The reply should hold every line of the data below, unchanged, and none of the pictures.

■ STORED DATA

=-=-=

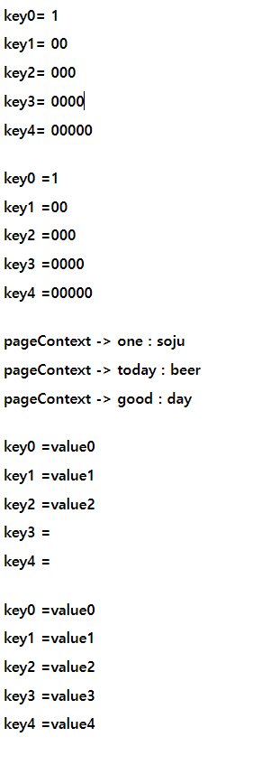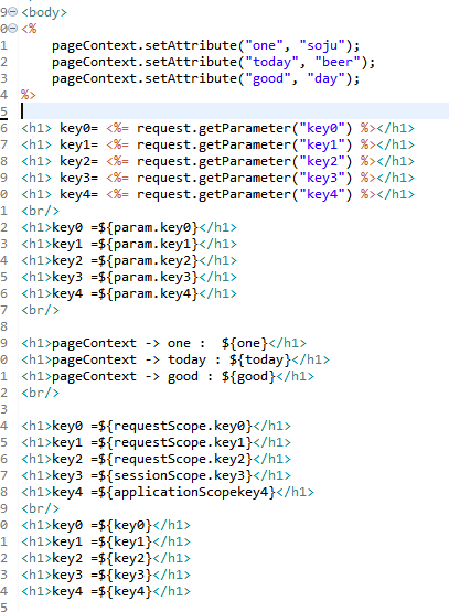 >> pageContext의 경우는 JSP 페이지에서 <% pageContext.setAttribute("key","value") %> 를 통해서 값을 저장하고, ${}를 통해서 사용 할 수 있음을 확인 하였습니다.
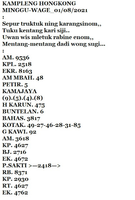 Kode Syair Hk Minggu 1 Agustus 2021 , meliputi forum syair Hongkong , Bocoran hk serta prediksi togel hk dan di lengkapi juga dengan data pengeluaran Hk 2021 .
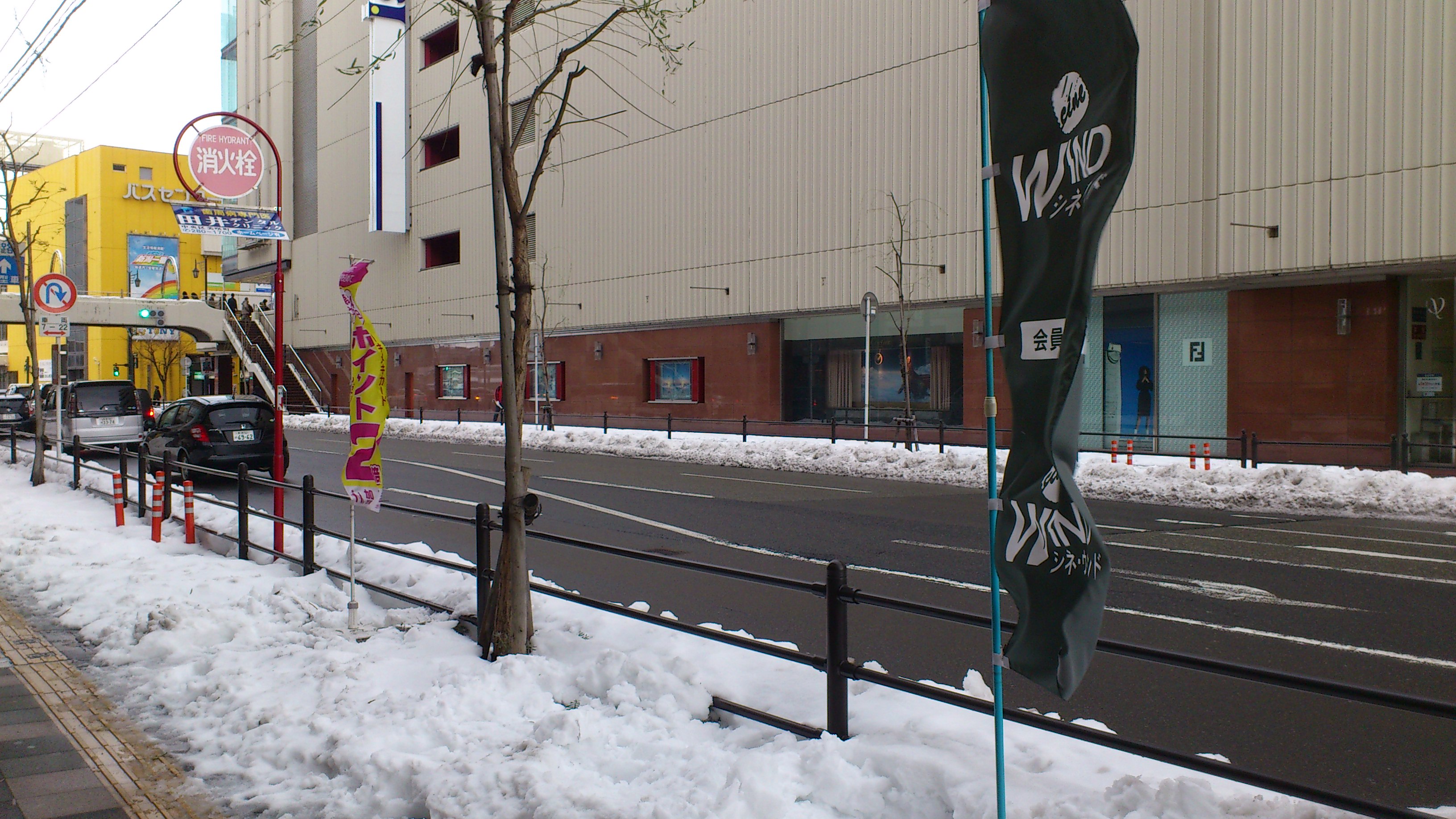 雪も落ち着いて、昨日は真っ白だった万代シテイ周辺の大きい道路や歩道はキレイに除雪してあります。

=-=-=

■ EXERCISE RESPONSE
 >> pageContext의 경우는 JSP 페이지에서 <% pageContext.setAttribute("key","value") %> 를 통해서 값을 저장하고, ${}를 통해서 사용 할 수 있음을 확인 하였습니다.
 Kode Syair Hk Minggu 1 Agustus 2021 , meliputi forum syair Hongkong , Bocoran hk serta prediksi togel hk dan di lengkapi juga dengan data pengeluaran Hk 2021 .
 雪も落ち着いて、昨日は真っ白だった万代シテイ周辺の大きい道路や歩道はキレイに除雪してあります。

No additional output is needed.